An exhaustive study released by economists Gary Brinson, Rudolph Hood and Gilbert Beebower in the late 1990s revealed the lesser-known truth: Market timing makes up only 1.7 percent of portfolio performance, 2.5 percent is based on knowing what to buy and what to sell, and 93.6 percent comes from asset allocation. That's a fancy term for having your money balanced across a spectrum of investments that reflect your age and risk tolerance. Younger people can take more risk, because history shows us the stock market always rebounds over time. Older people, especially those nearing retirement, should take less risk.
I took this matter very seriously in late 2007. I had just read a book by Peter G. Peterson called "Running on Empty, How the Democratic and Republican Parties Are Bankrupting Our Future and What Americans Can Do About It." The book explained how our politicians' unquenchable thirst to spend more money than we took in was threatening to destroy our economy. Guess what? Pete was right.

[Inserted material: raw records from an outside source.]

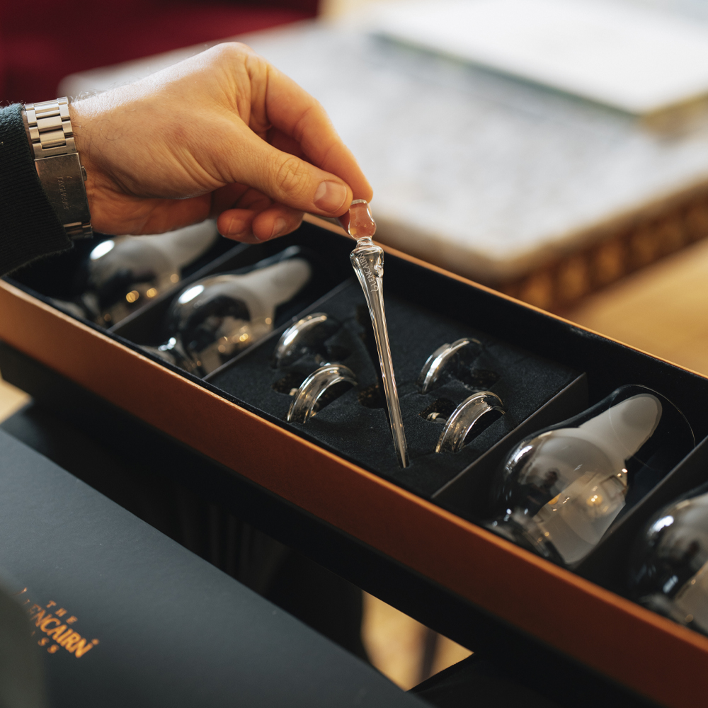 • 1 mundblæst Glencairn glaspipette – til præcis dosering af vand, når du vil åbne whiskyens karakter
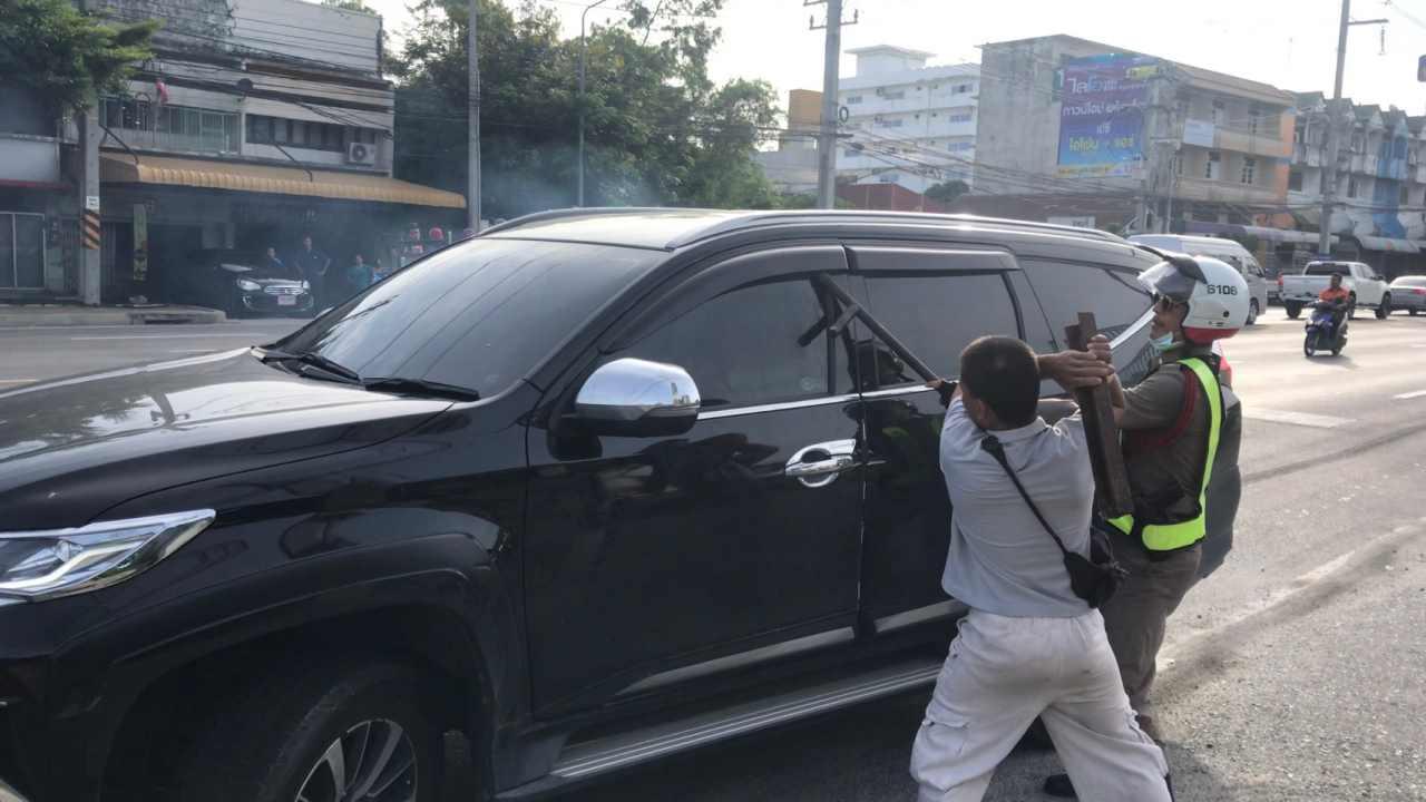พบ รถยนต์มิตซูบิชิ ปาเจโร่ สีดำ ทะเบียนป้ายแดง ข 5764 ชลบุรี จอดเครื่องยนต์ติดอยู่คนขับนั่งหลับอยู่บนเบาะที่นั่งคนขับ จึงเคาะกระจกประตูรถปลุกแต่ไม่ยอมตื่นนานกว่า 20 นาที เกรงว่าจะเสียชีวิต ประกอบกับรถเริ่มไหล จึงนำหินมาวางหนุนล้อรถไว้ และตัดสินใจใช้เหล็กทุบหน้าต่างประตูฝั่งตรงข้ามคนขับจนแตก แต่คนขับก็ยังไม่ตื่น จึงเขย่าตัวจนกระทั่งตื่น
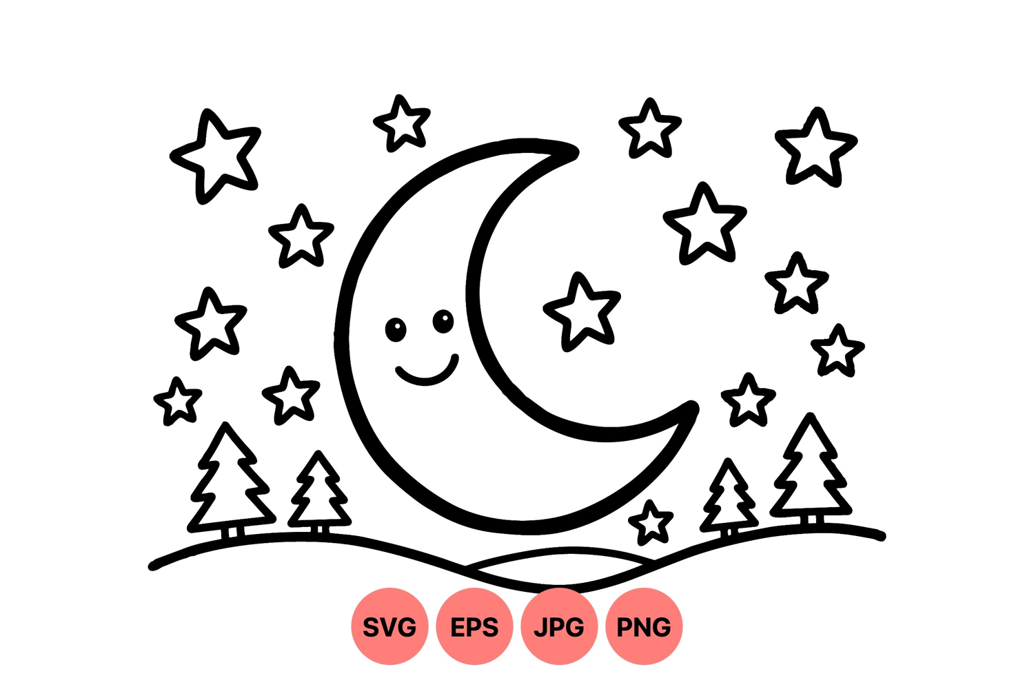 Black And White Line Night Sky Illustration Pine Trees Silhouette Printable Kids Art Starry Night Design Digital Craft Design Smiling Moon Svg Cute Moon Drawing Children Decor Graphic Peaceful Night Scene
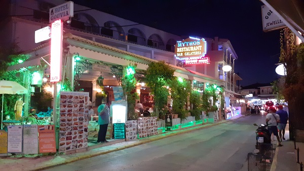 Kommen wir gleich zum dritten Abend meines Korfu-Aufenthaltes. An diesem Kehre ich in der Taverna Mythos ein. Sie nimmt unter den Restaurants in Gouvia eine Sonderstellung ein. Sie hat nicht nur die umfangreichste Speisekarte im Ort, sie hat auch schon am Morgen geöffnet. Gerade Briten bekommen hier ein ausgiebiges Englisches Frühstück, es gibt aber auch Waffeln, Kuchen, verschiedene Eiergerichte und dergleichen mehr.
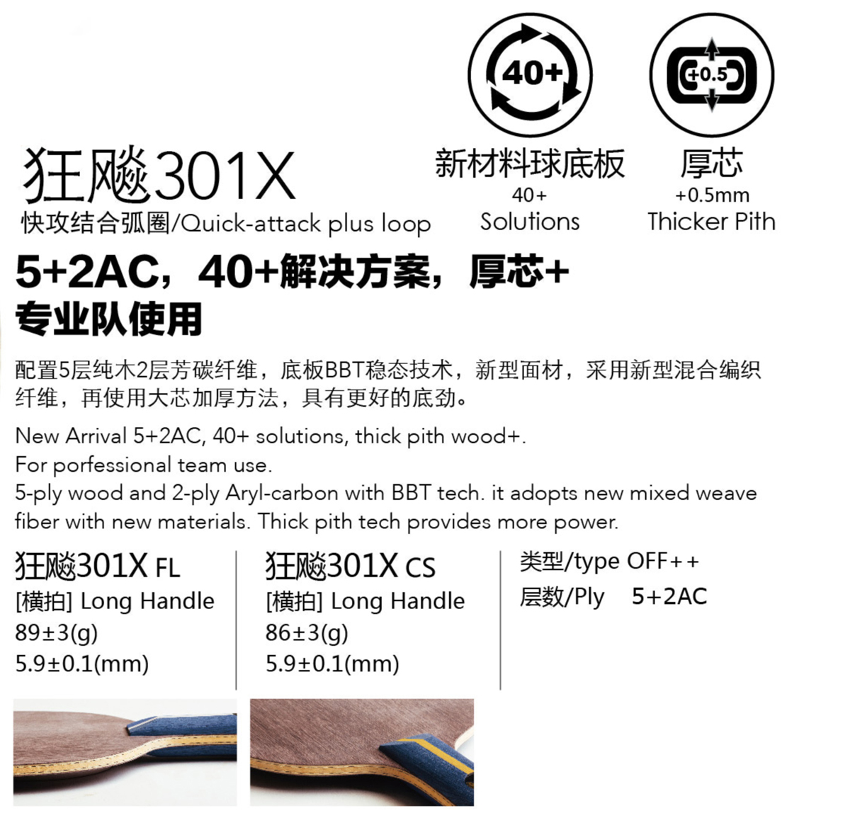 New technology keeps the consistency of performance longer, which makes blades less susceptible to temperature, air humidity and more effective in reducing performance degradation, thus to keep its elasticity and internal power. 301 with BBT technology is widely welcomed among Chinese T.T. professional players.
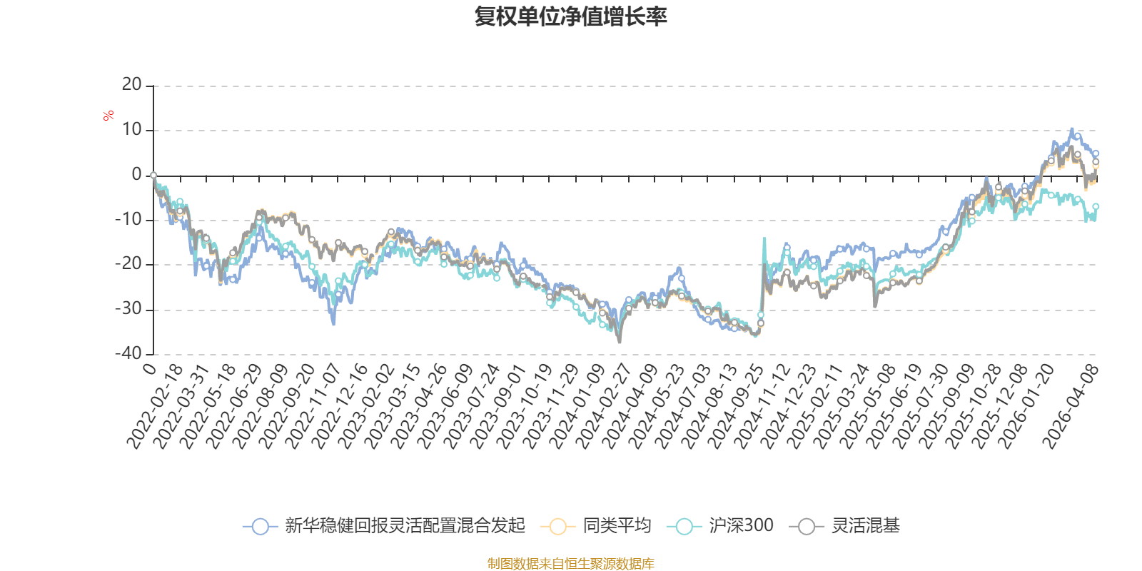 截至4月8日,新华稳健回报灵活配置混合发起近三个月复权单位净值增长率为2.59%,位于同类可比基金355/1287;近半年复权单位净值增长率为6.23%,位于同类可比基金434/1286;近一年复权单位净值增长率为32.89%,位于同类可比基金652/1286;近三年复权单位净值增长率为22.36%,位于同类可比基金461/1286。

This is when I made two decisions that changed my life forever: First, I left WSB-TV to run for the U.S. Senate. I was so convinced special interests were destroying our nation that I swore off special-interest financing. It turned out to be the perfect formula for not raising enough money to run for office! Second, I took every penny out of my company-sponsored 401(k) and moved it into an extremely conservative individual retirement account, or IRA. Why did I make this extreme move just before the Dow Jones reached its historical high of 14,093? I'd learned the truth about investing from a couple of very low-key retirement planners. David Allred and Brian Byars run a company called Advanced Retirement Planning. You can find them under the financial tab on my website, www.TrustDale.com.
In summer 2007, I confided to them I was considering a run for office (a very risky employment decision), and asked their advice about my retirement portfolio. Remember - I, along with just about everyone else, was enjoying huge year-to-year gains in my 401(k). David and Brian advised me that because of my worries of losing money they suggested a "safe money option" that would allow me to have some of the upside of the market and protect me from the downside. I took their advice.
On Jan. 1, 2008, I "camped out" near the top of the 320-foot-tall Corey Tower across from the state Capitol in downtown Atlanta in an attempt to draw attention to our approaching fiscal crisis. I even hung a huge banner from the tower claiming "We're all in trouble." It didn't work.
Turns out, I stunk as a politician. But I've done pretty well as an investor. Four years after taking my money out of the 401(k) and moving it to an IRA, I not only kept every cent of my pre-market crash savings, but I've also earned about 13 percent more.